We shouldn’t be surprised by all the regulatory capital fund presentations we’re seeing. More regulation and higher capital requirements for banks begets more focus on the efficient use of that capital and greater rewards for those who can design techniques, funds and structures around it.
As a result, the same people who led the charge on designing some of the products associated with the credit bubble and subsequent crunch are now using their skills to navigate the new capital rules.
When the credit structuring division of Megabank was closed down and he was “let go”, I thought my former colleague Heath Robinson would retire to his country estate to tend to his collection of classic cars. Having crashed and burned the credit markets he seemed content to re-engineer his cars and race them in ever faster circles until they, too, crashed and burned. Imagine my surprise when I heard that he had secured a large commitment from a well known hedge fund to back a reg cap fund idea.
When Wolseley met him, Heath was clearly relishing the challenge of working round the new, more convoluted regulations. He reassured me that some real risk transfer was now required for potential customers to get regulatory capital relief, so his fund needed a couple of real credit traders to manage some of the risk that it would have to manage.

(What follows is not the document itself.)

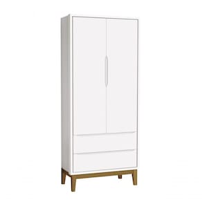 O Jogo de Quarto Bebê 2PTs Classic New - MóveisAqui, é ideal para o quartinho do seu baby. Seus pés em madeira maciça proporcionam o ar retrô, as peças detém um desing clean que harmonizam com vários estilos de decoração. Contempla um Berço que exala personalidade e delicadeza, podendo transformar-se em mini cama futuramente, uma Cômoda Gaveteiro com três gavetas e um Roupeiro de duas portas e duas gavetas, amplos, espaçosos e com divisórias internas, são perfeitos para a organização das roupinhas e itens do seu bebê.

With funding also evolving in response to regulatory change, and now looking more like private equity than the kind of structures that worked pre-crisis, it seems that shadow banking – that area demonised as an insidious cause of instability – is returning to take advantage.
Are regulators worried? Not according to one individual involved in bank regulation to whom Wolseley spoke. Her focus was on whether risk was being moved out of the banking system. If risk was genuinely being moved into pools of capital outside her area of responsibility, this was a good thing. She wanted to make sure banks could meet the challenges they faced in raising the necessary capital to achieve minimum capital adequacy standards. She was indifferent as to whether this was achieved by reducing the numerator in the capital ratio equation or increasing the denominator.
The UK government’s Independent Commission on Banking is soon to release an interim report that will likely provide further opportunities for reg cap funds. The recommended creation of a “moat”, or “ring fence” around core, retail banking and payments businesses, if adopted, will create incentives for Heath Robinson and his ilk to repackage core assets so that they can be smuggled out over the drawbridge. There will also be greater incentives for credit markets to conduct core functions outside these ring-fenced entities.
So where does this leave us? With an important “new” profitable business line, of course. In fact shadow banking and reg cap funds never went away. They have certainly been out of fashion for a few years, but unless regulators choose to take a stance against their use by regulated banking entities (and how can they?) Wolseley would expect to see many well known, reputable names following the leads of Cheyne and Aladdin into the reg cap space.
FSA chairman Adair Turner once opined that society would be no worse off if we lost the formula for the CDO squared. It’s ironic that the actions of Lord Turner’s fellow regulators have led to a resurgence of the very innovators who created that tricky product.